▸ **Task item**:
Pictures stay out; print the rest of the listing below exactly as it stands.

══════════

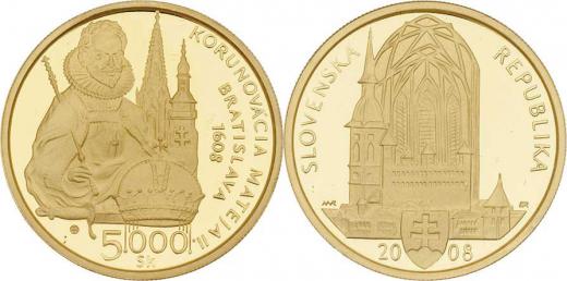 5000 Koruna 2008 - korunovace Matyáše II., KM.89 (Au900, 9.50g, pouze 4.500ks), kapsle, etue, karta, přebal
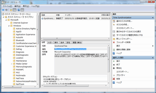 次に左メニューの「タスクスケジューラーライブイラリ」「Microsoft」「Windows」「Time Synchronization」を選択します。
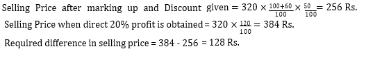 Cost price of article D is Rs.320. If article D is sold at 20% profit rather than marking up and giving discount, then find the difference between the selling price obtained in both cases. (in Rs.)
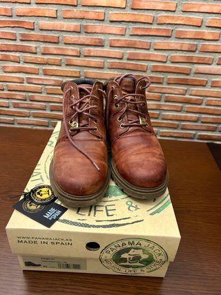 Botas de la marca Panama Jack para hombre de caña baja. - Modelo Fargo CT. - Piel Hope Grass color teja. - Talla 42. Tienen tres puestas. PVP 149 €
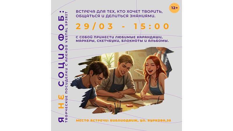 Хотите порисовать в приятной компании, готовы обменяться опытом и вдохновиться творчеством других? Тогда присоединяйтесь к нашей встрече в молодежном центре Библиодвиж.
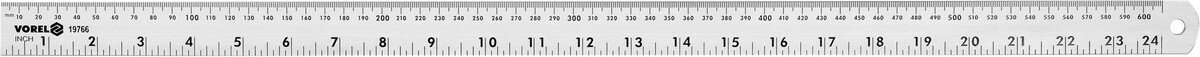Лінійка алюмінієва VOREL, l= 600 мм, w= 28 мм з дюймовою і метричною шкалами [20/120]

══════════

▸ **Response below**:
 5000 Koruna 2008 - korunovace Matyáše II., KM.89 (Au900, 9.50g, pouze 4.500ks), kapsle, etue, karta, přebal
 次に左メニューの「タスクスケジューラーライブイラリ」「Microsoft」「Windows」「Time Synchronization」を選択します。
 Cost price of article D is Rs.320. If article D is sold at 20% profit rather than marking up and giving discount, then find the difference between the selling price obtained in both cases. (in Rs.)
 Botas de la marca Panama Jack para hombre de caña baja. - Modelo Fargo CT. - Piel Hope Grass color teja. - Talla 42. Tienen tres puestas. PVP 149 €
 Хотите порисовать в приятной компании, готовы обменяться опытом и вдохновиться творчеством других? Тогда присоединяйтесь к нашей встрече в молодежном центре Библиодвиж.
Лінійка алюмінієва VOREL, l= 600 мм, w= 28 мм з дюймовою і метричною шкалами [20/120]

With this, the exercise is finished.